I am new to data structures and algorithms and I have a problem.

we have two arrays and I want to return first repeating item: eg: arr1 = [1, 2, 3, 4, 5] arr2 = [6, 2, 3, 1, 8]

in the above case first repeating item is 2.

This is the solution if we use hash table:

def find_same_hash(arr1, arr2):
    dictitonary = dict()
    for i in range(len(arr1)):
        dictitonary[arr1[i]] = i
    for j in range(len(arr2)):
        if array2[j] in dictitonary:
            return arr2[j]
        else:
            dictitonary[arr2[j]] = j
    return "Undefined"

result = find_same_hash(arr1, arr2)
print(result)

But what I need is the solution in Array: And this is what I am doing:

def find_same(arr1, arr2):
    for i in range(len(arr2)):
        for j in range(len(arr2)):
            if arr1[i] == arr2[j]:
                return arr1[i]
    return None

result = find_same(arr1, arr2)
print(result)

But the problem is that it is returning 1. 1 is repeating but it is not the first one to repeat.

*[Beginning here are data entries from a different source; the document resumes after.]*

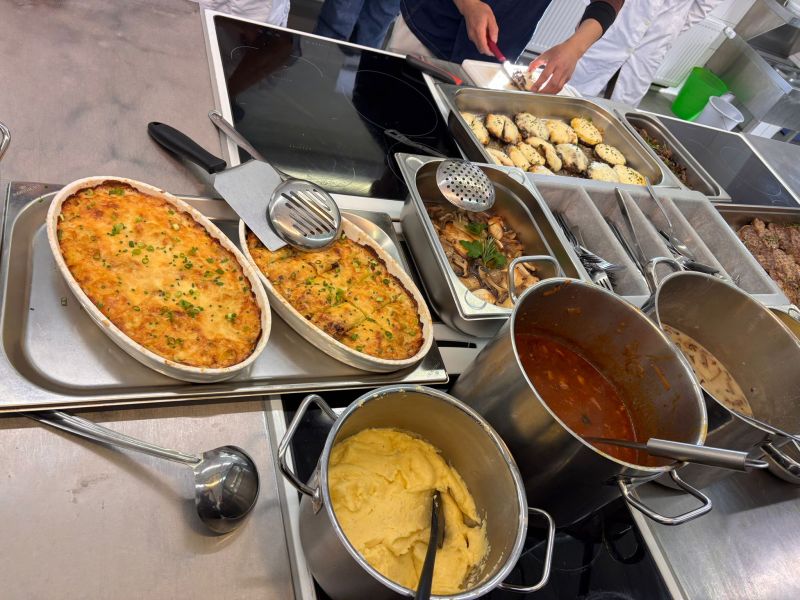 Es wurden u.a. Kaespressknödel, Salat mit Joghurt-Senf-Dressing, Thunfischsalat mit grüner Gurke und Zitronenmayonnaise, Spinatknödel auf Rahmpilzen und Parmesan, gefüllte Reisbällchen auf Kräuterdip, Hähnchenspieße mit Teriyakimarinade auf Bulgursalat, Marillenknödel auf Vanillesauce und Kaiserschmarrn auf Apfelragout serviert.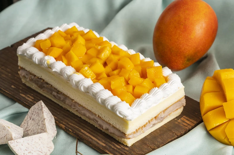 全新的芋頭蛋糕來啦!以柔軟的黃金牛奶蛋糕為基底,在加入厚實的芋泥夾心內餡,頂層霸氣鋪上滿滿的鮮甜芒果,甜而不膩的口感,讓人忍不住一口接一口!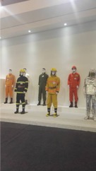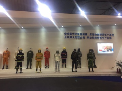 本次展会际华集团展示了用于应急的功能性系列防护服装产品,包括新一代消防灭火服、生化防毒服、应急救援工作服等;系列防护鞋靴产品,包括阻燃、耐高压、防静电、防砸、防穿刺、防水保暖等功能性鞋靴;系列防护装具产品,包括防弹衣、防弹头盔、手套、护膝护肘等;以及功能性纺织面料、携行装具、救援救灾帐蓬睡具等产品。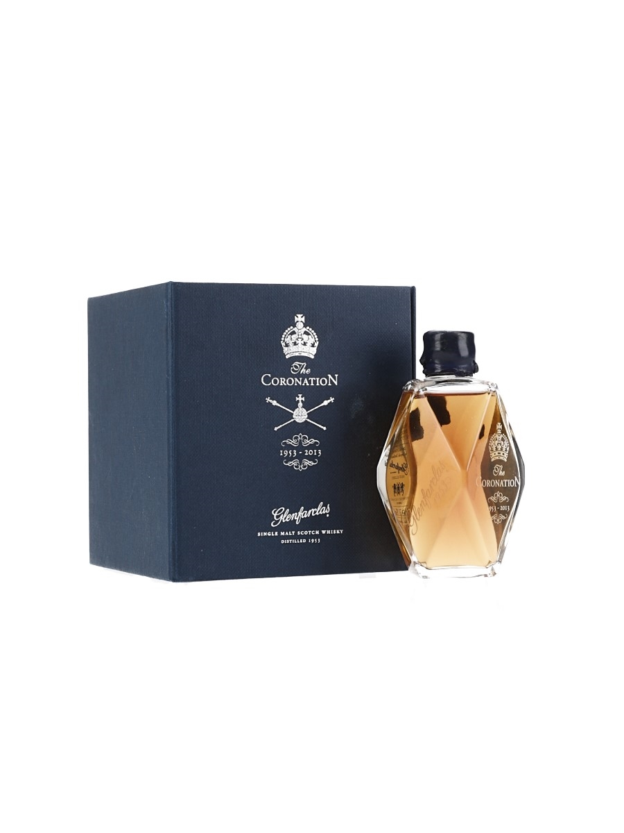 A miniature bottle of Glenfarclas 1953 Coronation Single Highland Malt Scotch Whisky. This was released in 2013 to celebrate the 60th anniversary of Queen Elizabeth II's coronation.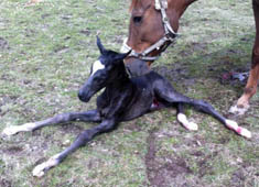 Calberlah - 28. April 2012 - Elke Giera meldete und die Geburt eines Rappstutfohlens von Saint Cyr u.d. Alsterfee v. Induc - Seeadler. Ein typvolles, nobles Fohlen. |

CodePudding user response：

You need to reverse the order of the lists for iteration. That way you find the first (or 'earliest') item in arr2 that appears in arr1, not the opposite:

arr1 = [1, 2, 3, 4, 5]
arr2 = [6, 2, 3, 1, 8]

def find_same(arr1, arr2):
    for i in arr2:
      for j in arr1:
        if i == j:
          return i
    return None

print(find_same(arr1, arr2))
# 2

CodePudding user response：

Your specific problem is that you're checking them in the wrong order

def find_same(arr1, arr2):
    for i in range(len(arr2)):
        for j in range(len(arr1)):
            if arr1[j] == arr2[i]:
                return arr1[i]
    return None

result = find_same(arr1, arr2)
print(result)

There's a simpler option..

list1 = [1, 2, 3, 4, 5]
list2 = [6, 2, 3, 1, 8]

def first_duplicate(list1,list2):
    for n in list2:
        if n in list1:
            return n

Using a generator is very neat and tidy:

print(next(n for n in list2 if n in list1))